Was the process worth it? I think independent verification is always worthwhile. As a non-government organisation I think that we have to be better than government provided services just to be perceived as equivalent. This is not particularly rational but nevertheless true. NGOs are sometimes assumed to be less rigorous but there are plenty of stories of issues with quality care (and associated cover-ups) within government services to say those groups shouldn’t be assumed to be better (think Staffordshire NHS Trust in the UK or Bundaberg closer to home)

As an NGO however we don’t even have a profit motive to usurp patient care as our primary focus. The problem with NGOs tends rather to be trying to do too much with too little because we are so focused on service delivery. External verification is a good reality check for us to ensure we are not spreading our resources too thinly, and the quality of the services we provide is high. The NSQHS allow us to do this in a general sense but they are not retrieval specific.

Is there another option for retrieval services?

Are there any external agencies specifically accrediting retrieval organisations in Australia? The Aeromedical Society of Australasia is currently developing standards but they are not yet complete.

Internationally there are two main players: The Commission for Accreditation of Medical Transport Systems (CAMTS) from North America and the European Aeromedical Institute (EURAMI). Late last year we were also re-accredited against the EURAMI standards. They are now up to version 4 which can be found here. We chose to go with the European organisation as we do a lot of work for European based assistance companies in this part of the world and EURAMI is an external standard that they recognised. For our recent accreditation EURAMI sent out an Emergency Physician who is originally from Germany and who has more than 20 years retrieval experience. He spent a couple of days going through our systems and documentation with the result that we were re-accredited for adult and paediatric critical care transport for another three years. We remain the only organisation in Australasia to have either CAMTS or EURAMI accreditation.
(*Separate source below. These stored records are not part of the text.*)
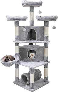 Endless fun – this cat tree offers everything and more: a sleeping area, a ladder, scratching posts and a platform for laying on to create a complete piece of cat furniture for your cat or kitten. Safe – Made from 100% environmentally friendly materials. This Kitty Tower is completely harmless to your cat. baseboard provides ultimate stability for the safety of your cat friends! Compact and portable: 55x55x165cm. Our cat tree is a real space saver and can be easily transported. Comfortable – Soft plush cushion and ladder keep the cat warm and comfortable all year round. Pressed wooden columns covered with natural sisal make it a perfect tool to maintain claws. Easy installation – with an instruction manual and all necessary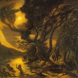 | Keywords: Albert Pinkham Ryder - Siegfried and the Rhine Maidens (contrast).jpg between 1888 1891 Oil on canvas cm 50 5 52 National Gallery of Art Andrew W Mellon Collection object history credit line Published in the following cite journal 1908 September Albert Ryder's Mystic Art Current Literature 45 3 293 289 293 New York United States The Current Literature Publishing Company Wheeler Edward J 2011-06-23 http //books google com sg/books id WTUiAQAAIAAJ pg PA293 cite book 1918-03 Loan Exhibition of the Works of Albert P Ryder Metropolitan Museum of Art New York United States Plate 39 http //books google com sg/books id JAM3AQAAIAAJ pg PA39 2011-06-23 accession number File Albert Pinkham Ryder - Siegfried and the Rhine Maidens jpg <gallery> File Albert Pinkham Ryder 004 jpg From the Yorck Project </gallery> Contrast adjusted Jappalang PD-old-auto-1923 1917 DEFAULTSORT Ryder Albert Pinkham; Siegfried and the Rhine Maidens 1888; National Gallery of Art Paintings by Albert Pinkham Ryder American paintings in the National Gallery of Art Götterdämmerung Siegfried Rhinemaidens 1888 oil on canvas paintings in the United States 1889 oil on canvas paintings in the United States 1890 oil on canvas paintings in the United States 1891 oil on canvas paintings in the United States Night in paintings Streams in art |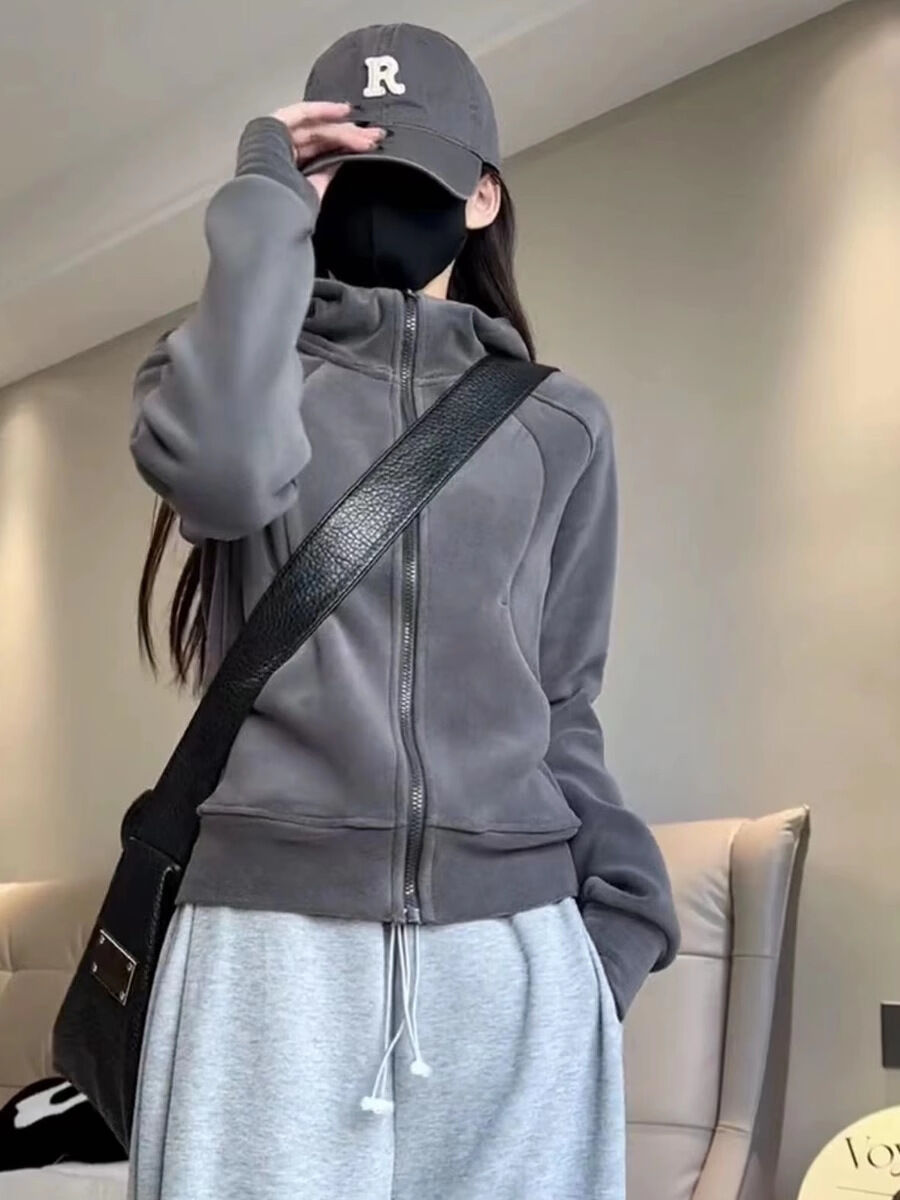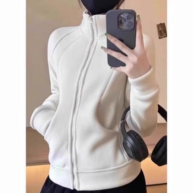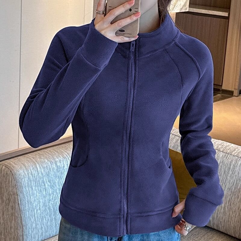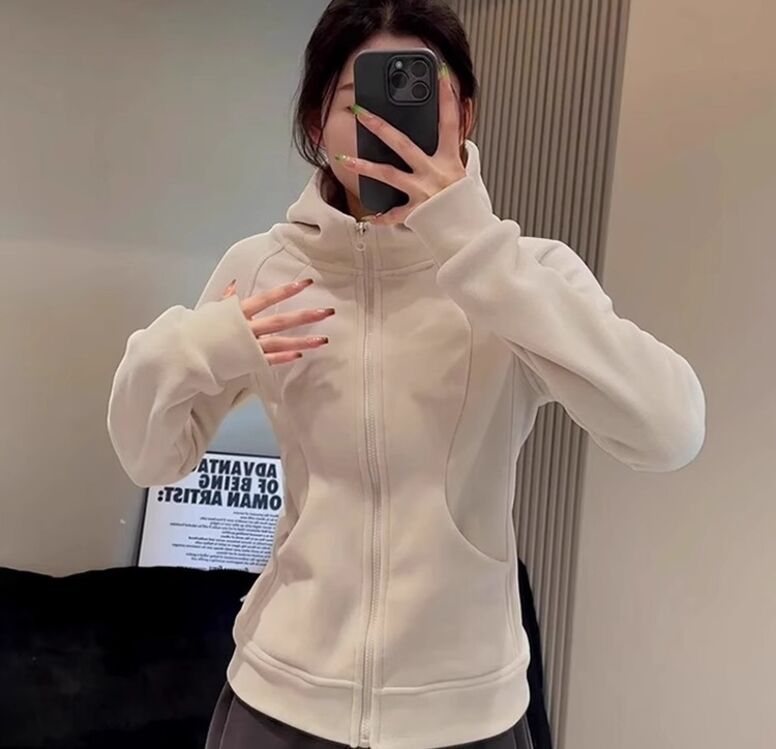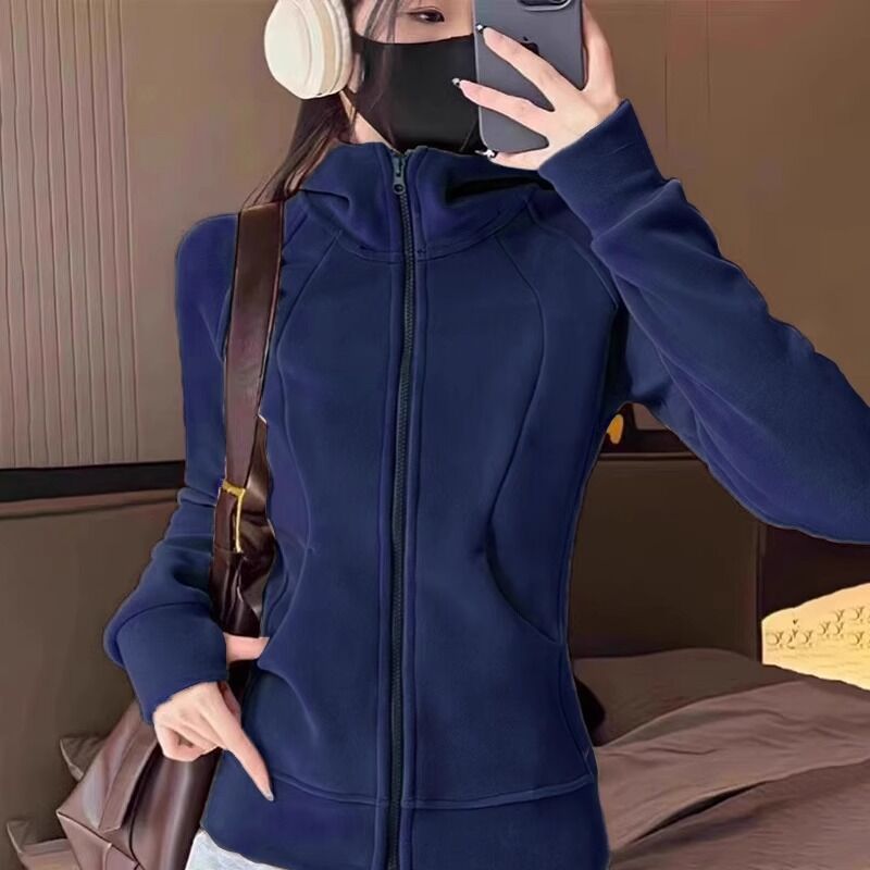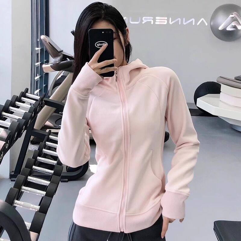 比比優 連帽衫 加絨加厚瑜伽服外套女搖粒絨衛衣冬季修身內膽拉鏈開衫內搭上衣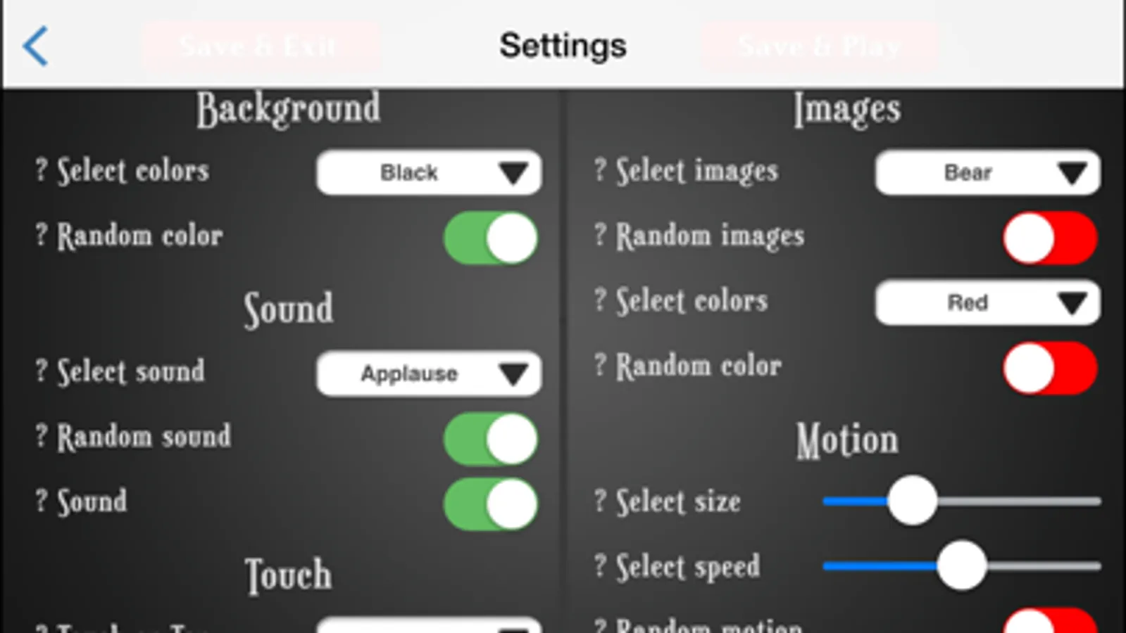 All aspects of the app are fully customizable to meet your child's needs. Both the animals and background can be set to your child's preferred color. Particular images can be chosen to adapt to the level of complexity that works best for your child. How you interact with the image and what kind of reward is triggered is also highly customizable.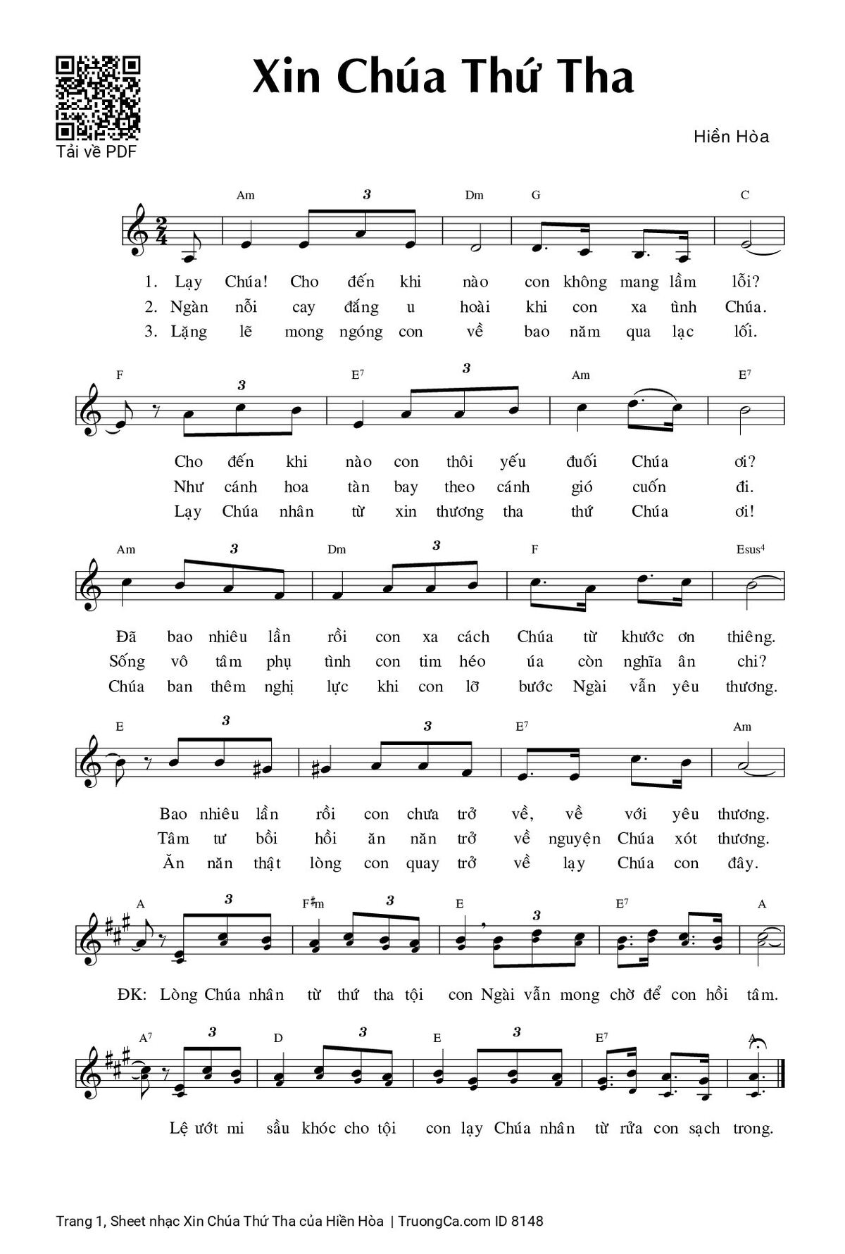 Sheet PDF with the same name Xin Chúa Thứ Tha:

For me personally this is some comfort that I am not deluding myself. Group think is a well-documented phenomenon. Groups operating without external oversight can develop some bizarre practices over time. They talk up evidence that supports their point of view even if it is flimsy and low level (confirmation bias) whilst discounting anything that would disprove their pet theories. External accreditation at least compares us against a set of measures on which there is consensus of opinion that the measure matters.

What would be particularly encouraging is if national accreditation bodies didn’t need reminding that retrieval services are already providing a crucial link in high quality care within the health system. There are good organisations all over the place delivering first rate care.

Maybe that’s the problem. Retrievals across Australia, including all those remote spots, is done really well. Maybe the NSQHS needed more smoke to alert them.

For that reason alone, it was worth reminding them we’re here.